§ **WHAT TO WORK ON**
Transcribe exactly the lines from the top of the records below through the line that holds "In Sweden, however, she", both included, with no pictures.

Dataset excerpts
====
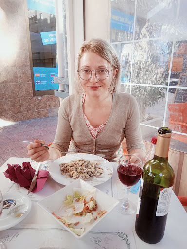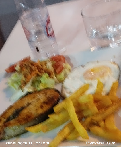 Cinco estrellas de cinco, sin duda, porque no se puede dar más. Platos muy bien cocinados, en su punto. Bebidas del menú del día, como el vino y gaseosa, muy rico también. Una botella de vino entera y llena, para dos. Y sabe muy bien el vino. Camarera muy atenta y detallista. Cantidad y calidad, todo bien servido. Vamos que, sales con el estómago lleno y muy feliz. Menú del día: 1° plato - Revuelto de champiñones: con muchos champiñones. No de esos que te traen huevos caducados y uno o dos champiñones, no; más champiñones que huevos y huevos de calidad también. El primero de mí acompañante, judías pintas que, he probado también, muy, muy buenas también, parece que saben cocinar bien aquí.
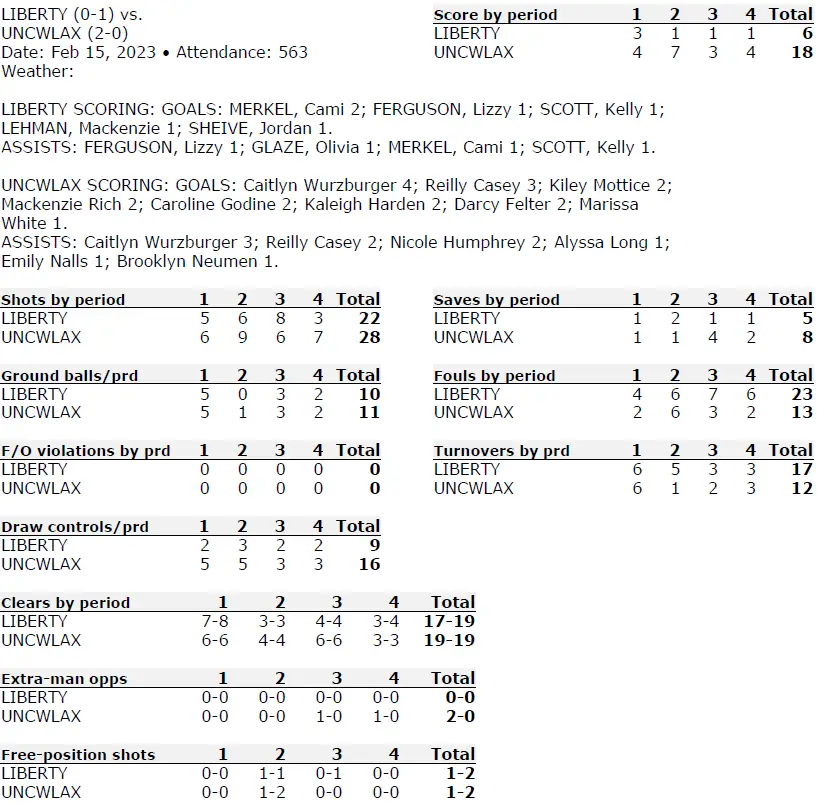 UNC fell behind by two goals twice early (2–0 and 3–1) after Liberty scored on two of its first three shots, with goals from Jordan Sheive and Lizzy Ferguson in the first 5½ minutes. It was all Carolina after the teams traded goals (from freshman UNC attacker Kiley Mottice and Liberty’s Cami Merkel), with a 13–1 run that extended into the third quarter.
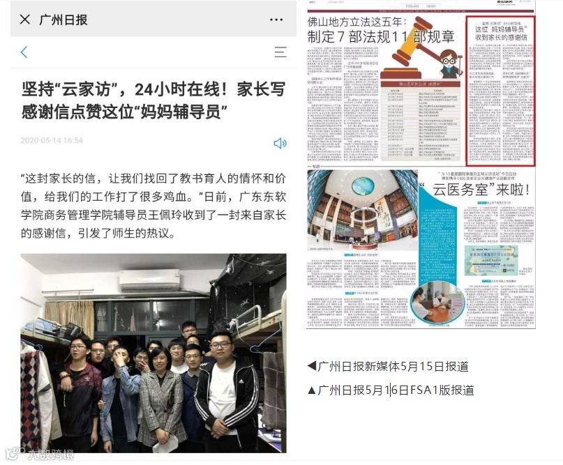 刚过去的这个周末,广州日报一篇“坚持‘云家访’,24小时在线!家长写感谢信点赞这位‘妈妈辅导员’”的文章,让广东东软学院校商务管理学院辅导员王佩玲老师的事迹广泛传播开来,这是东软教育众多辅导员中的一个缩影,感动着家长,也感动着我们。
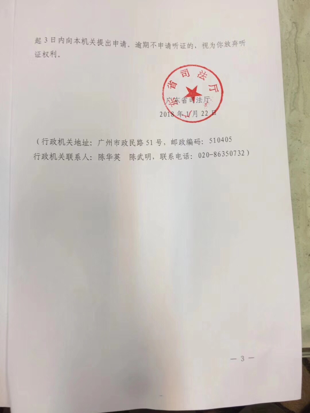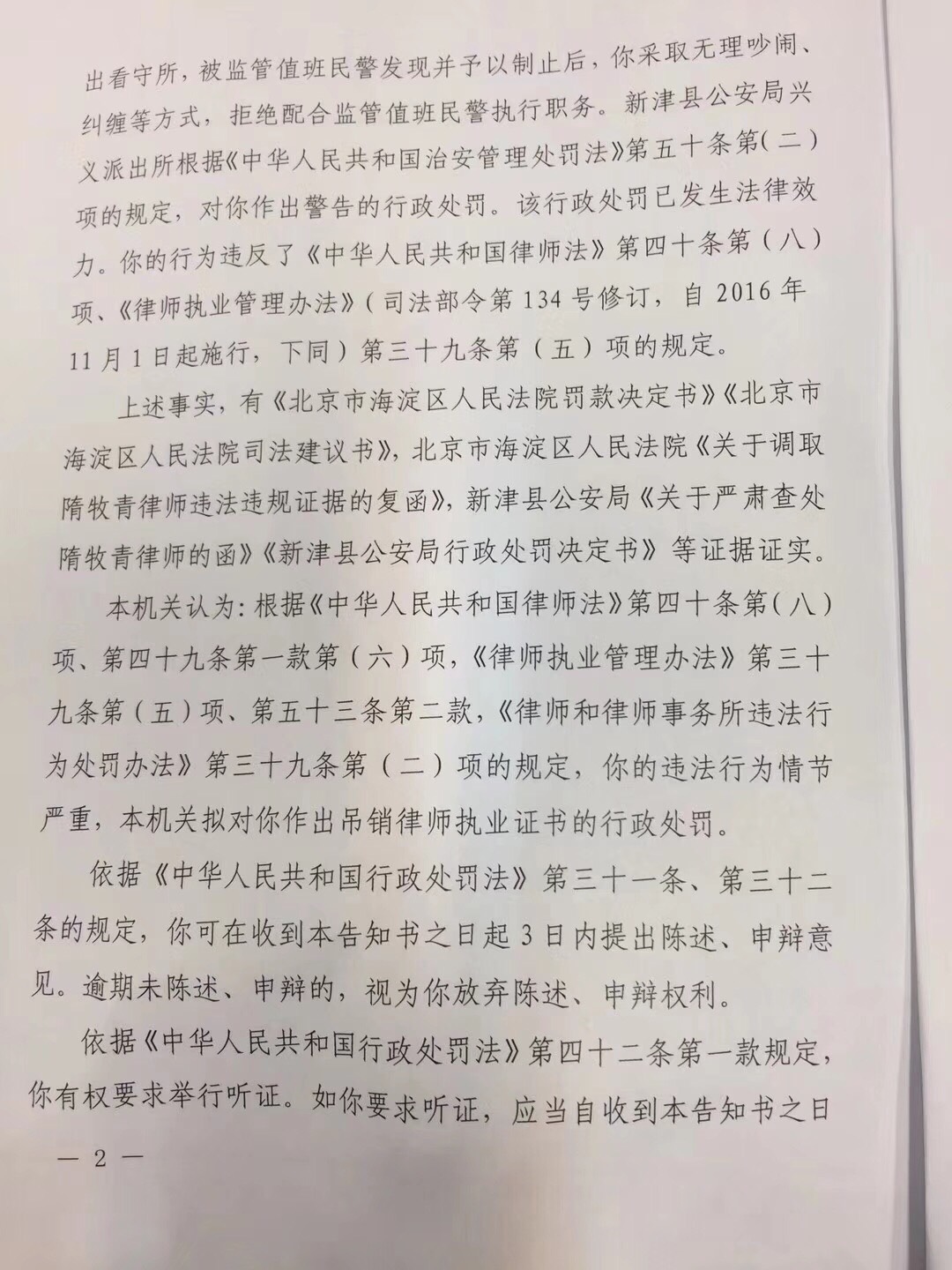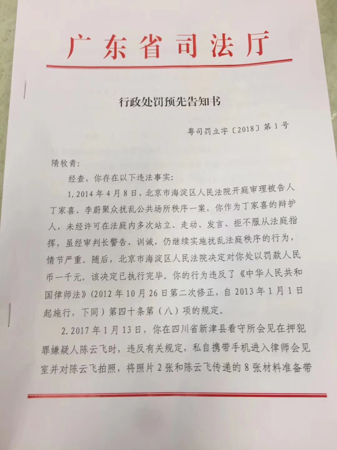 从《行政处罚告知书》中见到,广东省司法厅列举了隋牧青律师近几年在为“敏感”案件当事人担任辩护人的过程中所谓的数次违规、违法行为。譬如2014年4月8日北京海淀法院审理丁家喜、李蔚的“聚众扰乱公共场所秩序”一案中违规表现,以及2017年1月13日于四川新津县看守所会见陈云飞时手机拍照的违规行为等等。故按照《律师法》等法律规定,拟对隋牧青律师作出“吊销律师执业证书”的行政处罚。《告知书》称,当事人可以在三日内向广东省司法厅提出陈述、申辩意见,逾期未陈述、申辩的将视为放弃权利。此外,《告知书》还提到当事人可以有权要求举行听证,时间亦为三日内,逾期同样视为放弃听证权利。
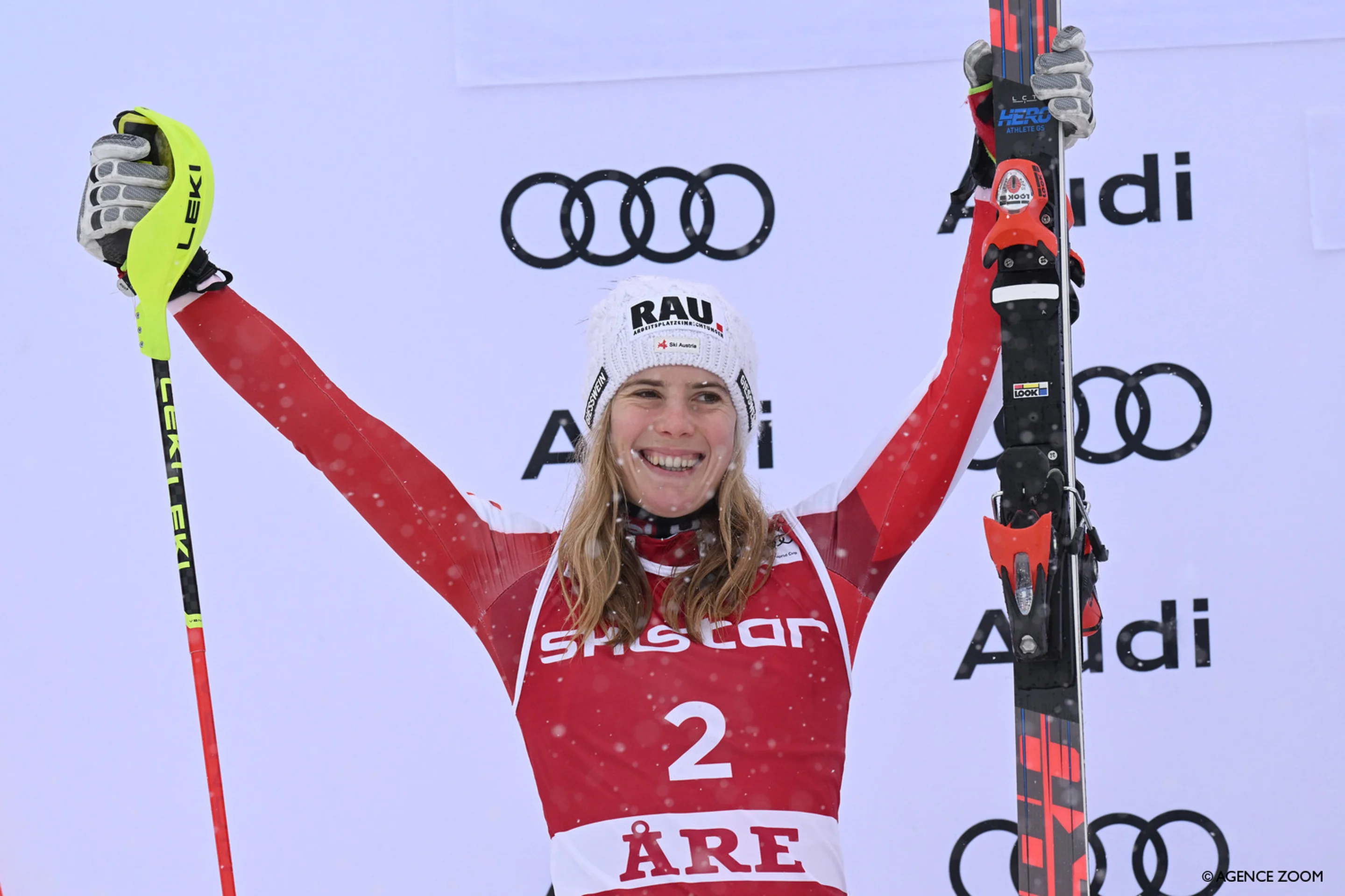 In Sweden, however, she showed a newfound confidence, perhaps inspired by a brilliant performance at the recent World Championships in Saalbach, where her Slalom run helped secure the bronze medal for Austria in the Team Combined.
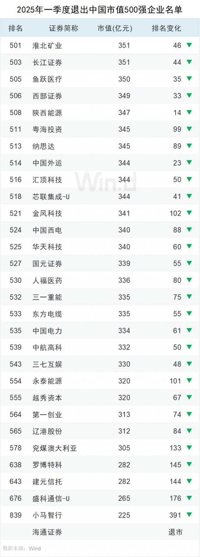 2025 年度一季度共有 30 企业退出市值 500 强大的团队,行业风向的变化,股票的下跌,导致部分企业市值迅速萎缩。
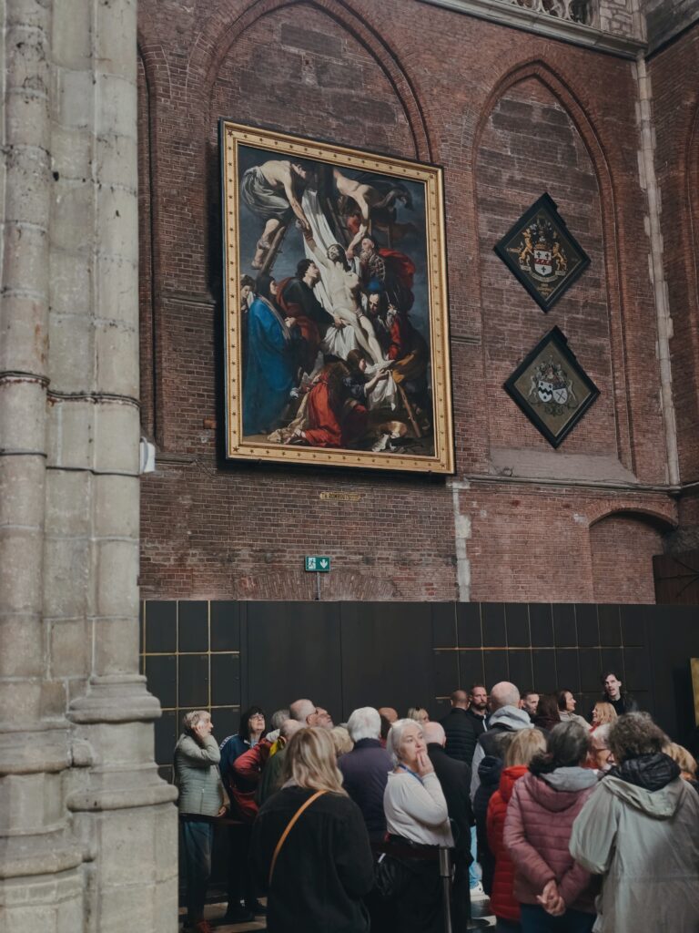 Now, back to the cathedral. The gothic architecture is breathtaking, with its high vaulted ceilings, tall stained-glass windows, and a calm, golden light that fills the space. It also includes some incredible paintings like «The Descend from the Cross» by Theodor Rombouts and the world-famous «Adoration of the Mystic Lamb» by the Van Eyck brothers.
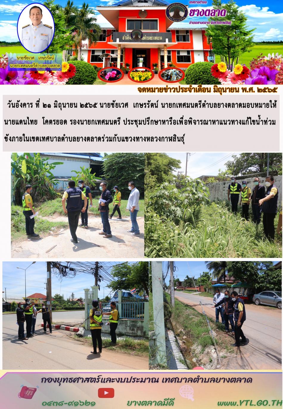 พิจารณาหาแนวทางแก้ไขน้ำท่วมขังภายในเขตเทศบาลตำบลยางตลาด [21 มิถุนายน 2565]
====
§ **RESULT OF THE EXERCISE**
 Cinco estrellas de cinco, sin duda, porque no se puede dar más. Platos muy bien cocinados, en su punto. Bebidas del menú del día, como el vino y gaseosa, muy rico también. Una botella de vino entera y llena, para dos. Y sabe muy bien el vino. Camarera muy atenta y detallista. Cantidad y calidad, todo bien servido. Vamos que, sales con el estómago lleno y muy feliz. Menú del día: 1° plato - Revuelto de champiñones: con muchos champiñones. No de esos que te traen huevos caducados y uno o dos champiñones, no; más champiñones que huevos y huevos de calidad también. El primero de mí acompañante, judías pintas que, he probado también, muy, muy buenas también, parece que saben cocinar bien aquí.
 UNC fell behind by two goals twice early (2–0 and 3–1) after Liberty scored on two of its first three shots, with goals from Jordan Sheive and Lizzy Ferguson in the first 5½ minutes. It was all Carolina after the teams traded goals (from freshman UNC attacker Kiley Mottice and Liberty’s Cami Merkel), with a 13–1 run that extended into the third quarter.
 刚过去的这个周末,广州日报一篇“坚持‘云家访’,24小时在线!家长写感谢信点赞这位‘妈妈辅导员’”的文章,让广东东软学院校商务管理学院辅导员王佩玲老师的事迹广泛传播开来,这是东软教育众多辅导员中的一个缩影,感动着家长,也感动着我们。
 从《行政处罚告知书》中见到,广东省司法厅列举了隋牧青律师近几年在为“敏感”案件当事人担任辩护人的过程中所谓的数次违规、违法行为。譬如2014年4月8日北京海淀法院审理丁家喜、李蔚的“聚众扰乱公共场所秩序”一案中违规表现,以及2017年1月13日于四川新津县看守所会见陈云飞时手机拍照的违规行为等等。故按照《律师法》等法律规定,拟对隋牧青律师作出“吊销律师执业证书”的行政处罚。《告知书》称,当事人可以在三日内向广东省司法厅提出陈述、申辩意见,逾期未陈述、申辩的将视为放弃权利。此外,《告知书》还提到当事人可以有权要求举行听证,时间亦为三日内,逾期同样视为放弃听证权利。
 In Sweden, however, she showed a newfound confidence, perhaps inspired by a brilliant performance at the recent World Championships in Saalbach, where her Slalom run helped secure the bronze medal for Austria in the Team Combined.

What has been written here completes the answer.